Your copy of the data should leave out the images and match everything else exactly.

DATASET CONTENT Start Marker

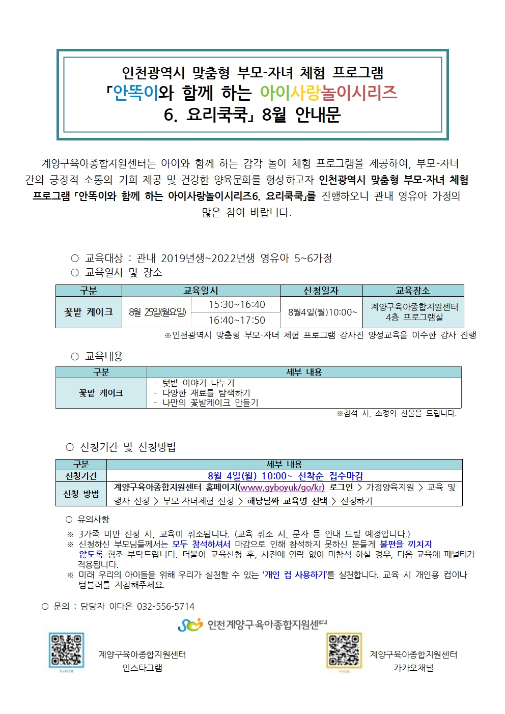 | 기타사항 | **참여 안내 및 유의사항** ※안전상의 이유로 부모-자녀 1:1로만 신청가능합니다. 양해부탁드립니다. ※활동 시 가공식품(젤리,빵 등)이 사용됩니다. 관련 알레르기나 기호가 있으신 가정은 신청시 반드시 참고하여주세요. ※당일 취소 및 무단 불참(연락 없이 불참)이 3회 이상 발생한 경우, 다음 달 체험 프로그램 신청이 제한됩니다. 프로그램 운영에 차질이 없도록, 일정 확인 후 신중하게 신청해 주세요. ※3가족 미만 신청 시 교육이 취소될 수 있습니다. (취소 시 전화 혹은 문자로 안내드리겠습니다.) ※부득이한 사정으로 취소 시, 반드시 전화로 연락해 주세요 (032-556-5714). ※해당 연령대에 맞지 않는 신청은 취소될 수 있습니다. 양해 부탁드립니다. ※체험 당일 참석 여부 확인 전화를 받지 않으실 경우, 대기자로 순번이 넘어갈 수 있습니다. ※동일 강의에 대해서는 1회만 신청 가능하며, 중복 신청 시 취소됩니다. |
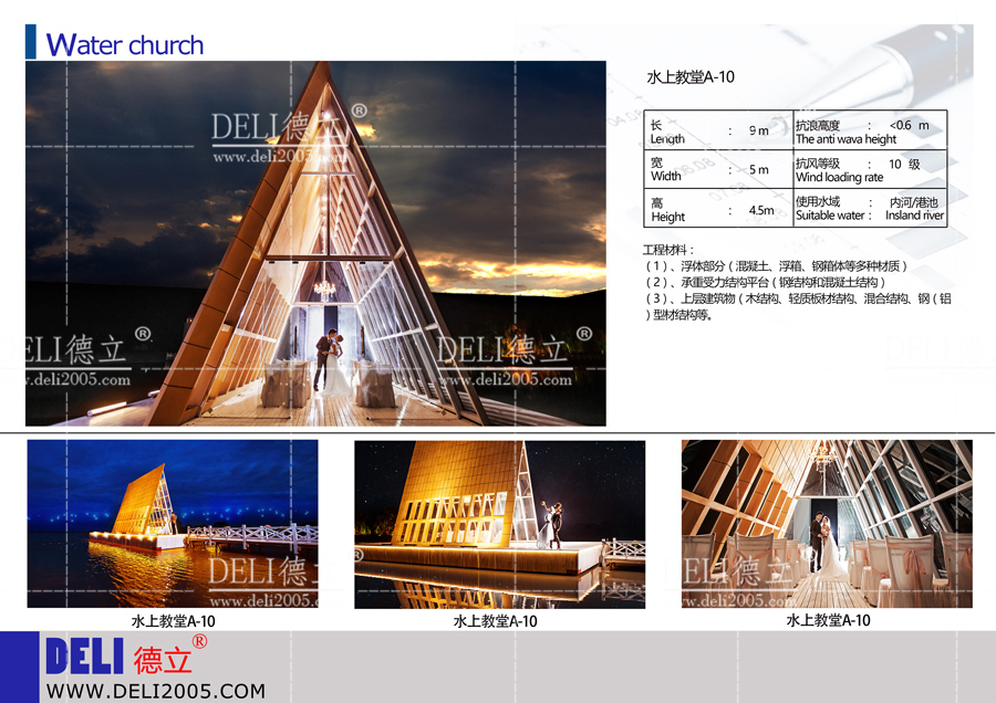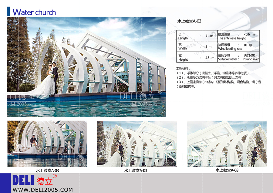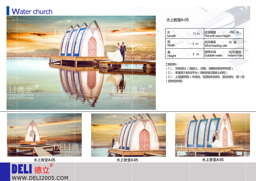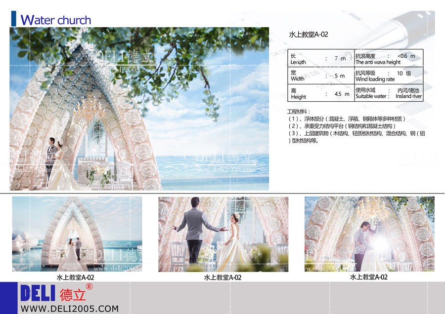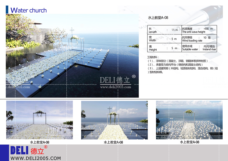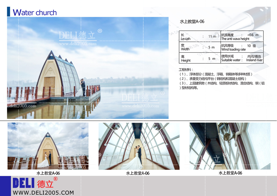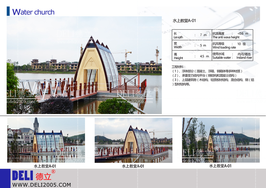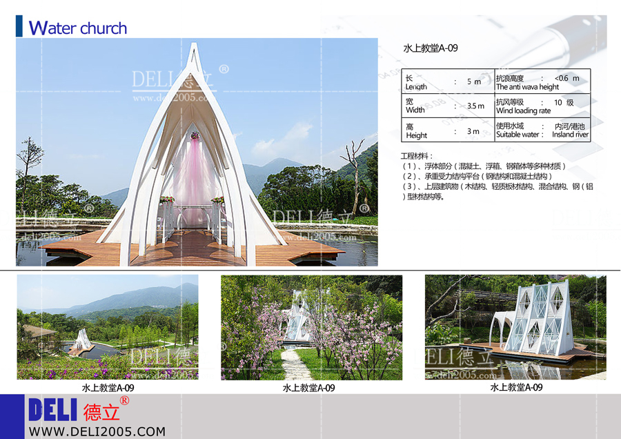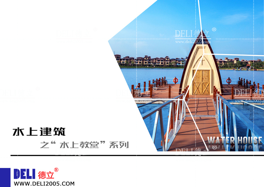 德立公司水上建筑之水上教堂系列,該系列工程以“與自然共生”為主題。在一系列教堂的設(shè)計(jì)中,思考著神圣空間。在西方,神圣空間是形而上的。然而,神圣空間與自然存在著某種聯(lián)系,而這與日本式的泛靈論或泛神論無關(guān)。自然是與原生的自然不同的。神圣所關(guān)系的是一種人造自然或建筑化的自然。當(dāng)綠化、水、光和風(fēng)根據(jù)人的意念從原生的自然中抽象出來,它們即趨向了神性。后來建造中的光的教堂表現(xiàn)的是光這種自然元素的建筑化和抽象化。專門設(shè)計(jì)的婚禮教堂,全部由清水混凝土,玻璃,鋼架材料構(gòu)成,將自然引入室內(nèi),同時(shí)又是抽象的自然,是帶有神的色彩的自然,一年四季景致不同,是女孩最向往的結(jié)婚地之一。除此之外,水上教堂也成為人們休閑娛樂開party的好去處,同樣也作為景區(qū)的一大特色,深受大眾的喜愛。在這樣的背景催化下,德立公司開發(fā)了水上教堂系列建筑,充分地利用了自身的技術(shù)優(yōu)勢(shì)。
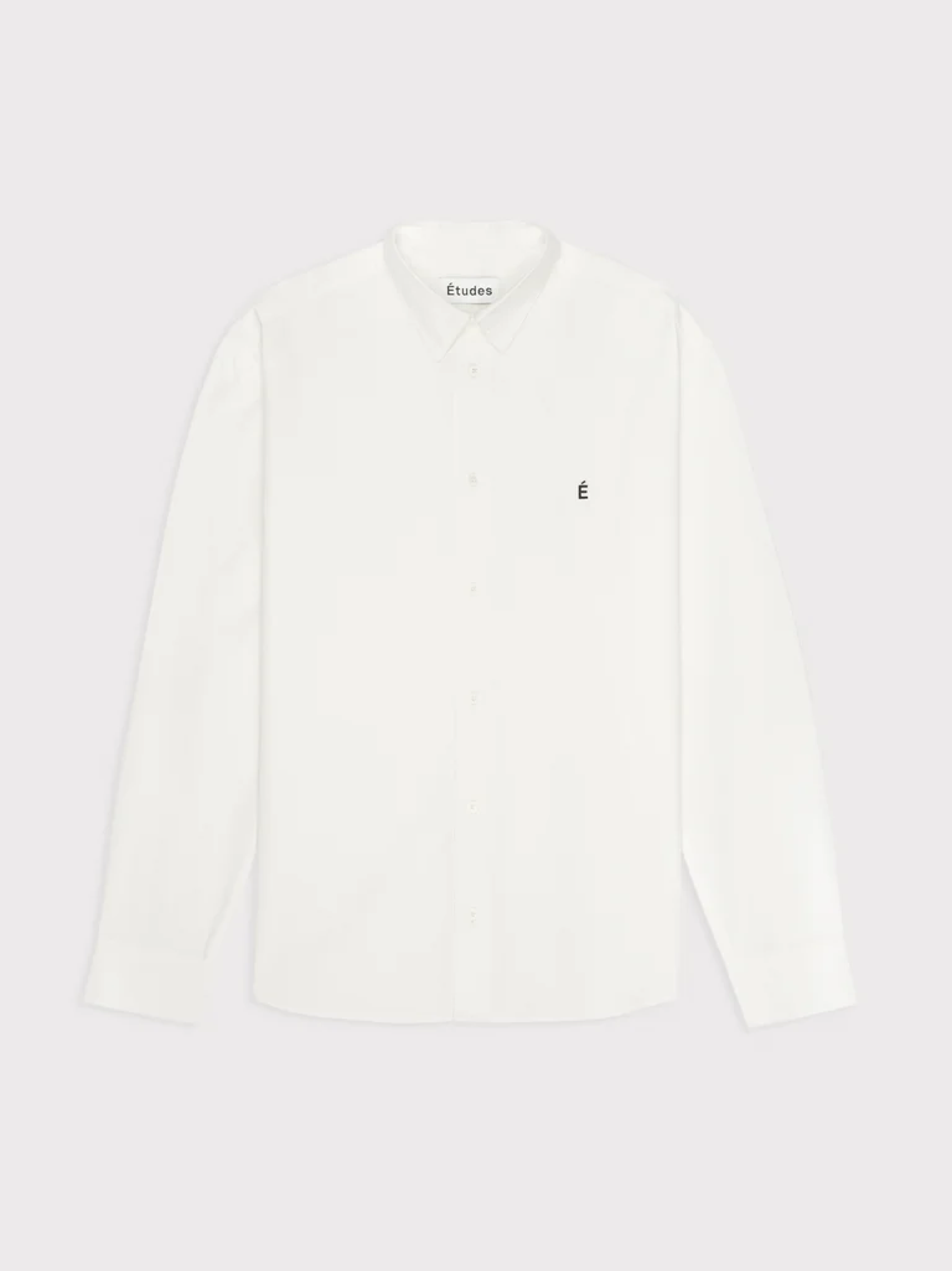 Состоит из застежки на пуговицы спереди, вышивки É на груди и серебряной заклепки Études.
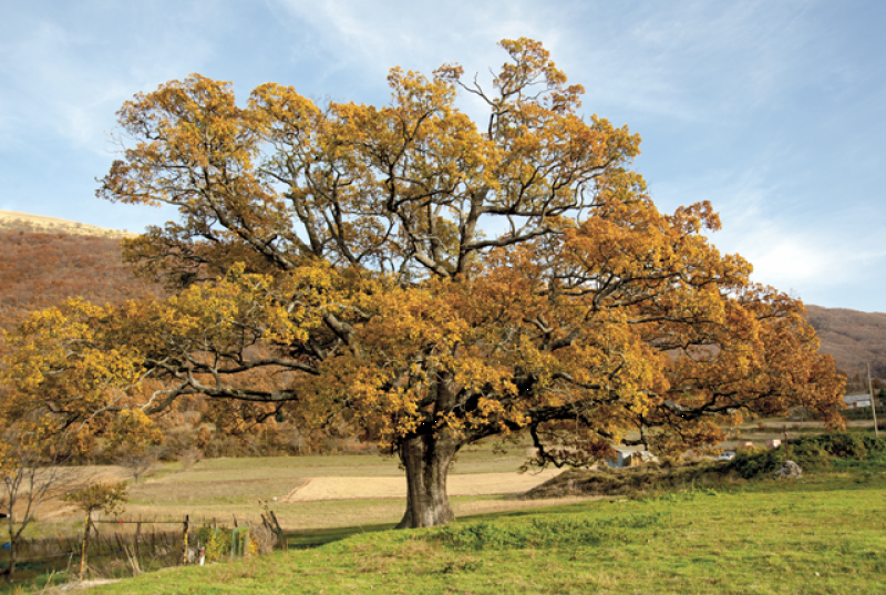 Nonostante la sua veneranda età, ad una stima approssimativa supera i tre secoli, la grande Quercia si mostra ancora nel pieno delle sue forze vitali, con la sterminata cupola di foglie verdissime, il gigantesco tronco sano ed eretto, le enormi branche senza una punta secca. La posizione riparata, il suolo e l`esposizione favorevoli, II rispetto dell`uomo hanno contribuito alla sua perfetta conservazione fino ai giorni nostri. La grande Quercia non è sola, sulla stradetta, sui campi e perfino nel bosco circostante, altri esemplari torreggiano imponenti, pur senza raggiungere la sua eccezionalità.
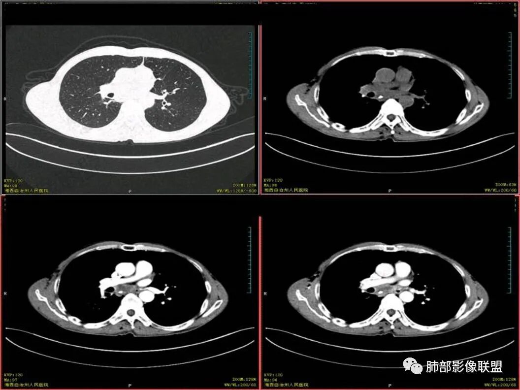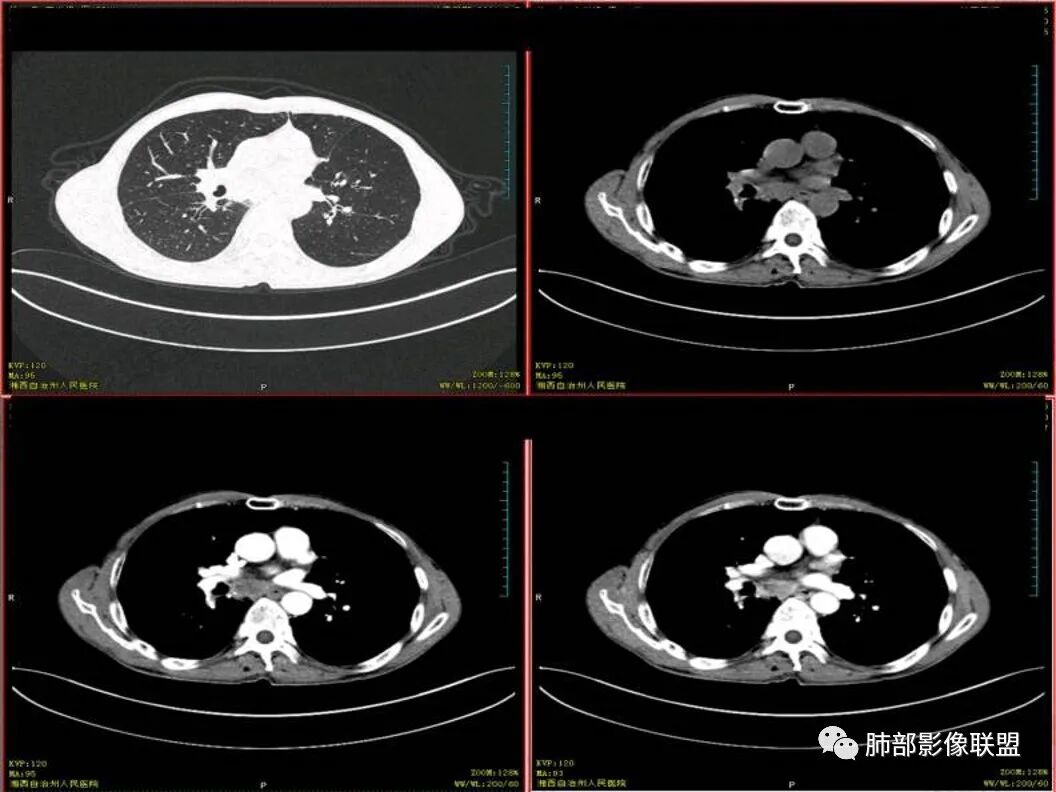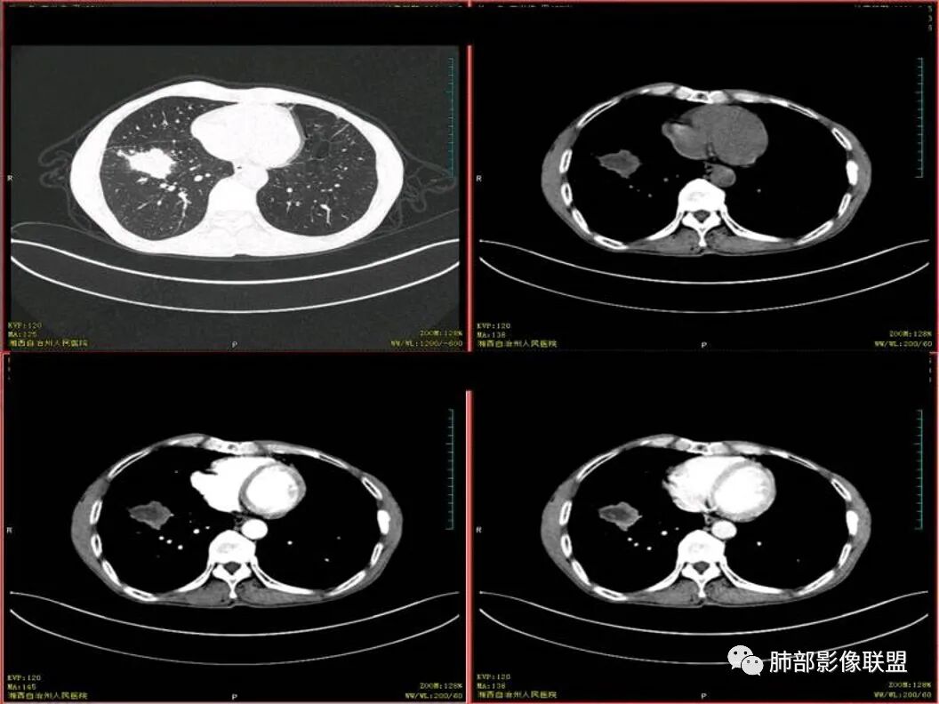 结核和肺癌鉴别,因为淋巴结坏死疾病就这两种,坏死来看并不像小细胞肺癌。主病灶膨隆,增强后,壁厚薄不均,有壁结节感觉,首先是不能放弃的是肺癌这个诊断。具体哪一种还是主要看病理,建议支气管镜穿刺淋巴结的。

DATASET CONTENT End Marker

#### WRITTEN ANSWER:
 | 기타사항 | **참여 안내 및 유의사항** ※안전상의 이유로 부모-자녀 1:1로만 신청가능합니다. 양해부탁드립니다. ※활동 시 가공식품(젤리,빵 등)이 사용됩니다. 관련 알레르기나 기호가 있으신 가정은 신청시 반드시 참고하여주세요. ※당일 취소 및 무단 불참(연락 없이 불참)이 3회 이상 발생한 경우, 다음 달 체험 프로그램 신청이 제한됩니다. 프로그램 운영에 차질이 없도록, 일정 확인 후 신중하게 신청해 주세요. ※3가족 미만 신청 시 교육이 취소될 수 있습니다. (취소 시 전화 혹은 문자로 안내드리겠습니다.) ※부득이한 사정으로 취소 시, 반드시 전화로 연락해 주세요 (032-556-5714). ※해당 연령대에 맞지 않는 신청은 취소될 수 있습니다. 양해 부탁드립니다. ※체험 당일 참석 여부 확인 전화를 받지 않으실 경우, 대기자로 순번이 넘어갈 수 있습니다. ※동일 강의에 대해서는 1회만 신청 가능하며, 중복 신청 시 취소됩니다. |
 德立公司水上建筑之水上教堂系列,該系列工程以“與自然共生”為主題。在一系列教堂的設(shè)計(jì)中,思考著神圣空間。在西方,神圣空間是形而上的。然而,神圣空間與自然存在著某種聯(lián)系,而這與日本式的泛靈論或泛神論無關(guān)。自然是與原生的自然不同的。神圣所關(guān)系的是一種人造自然或建筑化的自然。當(dāng)綠化、水、光和風(fēng)根據(jù)人的意念從原生的自然中抽象出來,它們即趨向了神性。后來建造中的光的教堂表現(xiàn)的是光這種自然元素的建筑化和抽象化。專門設(shè)計(jì)的婚禮教堂,全部由清水混凝土,玻璃,鋼架材料構(gòu)成,將自然引入室內(nèi),同時(shí)又是抽象的自然,是帶有神的色彩的自然,一年四季景致不同,是女孩最向往的結(jié)婚地之一。除此之外,水上教堂也成為人們休閑娛樂開party的好去處,同樣也作為景區(qū)的一大特色,深受大眾的喜愛。在這樣的背景催化下,德立公司開發(fā)了水上教堂系列建筑,充分地利用了自身的技術(shù)優(yōu)勢(shì)。
 Состоит из застежки на пуговицы спереди, вышивки É на груди и серебряной заклепки Études.
 Nonostante la sua veneranda età, ad una stima approssimativa supera i tre secoli, la grande Quercia si mostra ancora nel pieno delle sue forze vitali, con la sterminata cupola di foglie verdissime, il gigantesco tronco sano ed eretto, le enormi branche senza una punta secca. La posizione riparata, il suolo e l`esposizione favorevoli, II rispetto dell`uomo hanno contribuito alla sua perfetta conservazione fino ai giorni nostri. La grande Quercia non è sola, sulla stradetta, sui campi e perfino nel bosco circostante, altri esemplari torreggiano imponenti, pur senza raggiungere la sua eccezionalità.
 结核和肺癌鉴别,因为淋巴结坏死疾病就这两种,坏死来看并不像小细胞肺癌。主病灶膨隆,增强后,壁厚薄不均,有壁结节感觉,首先是不能放弃的是肺癌这个诊断。具体哪一种还是主要看病理,建议支气管镜穿刺淋巴结的。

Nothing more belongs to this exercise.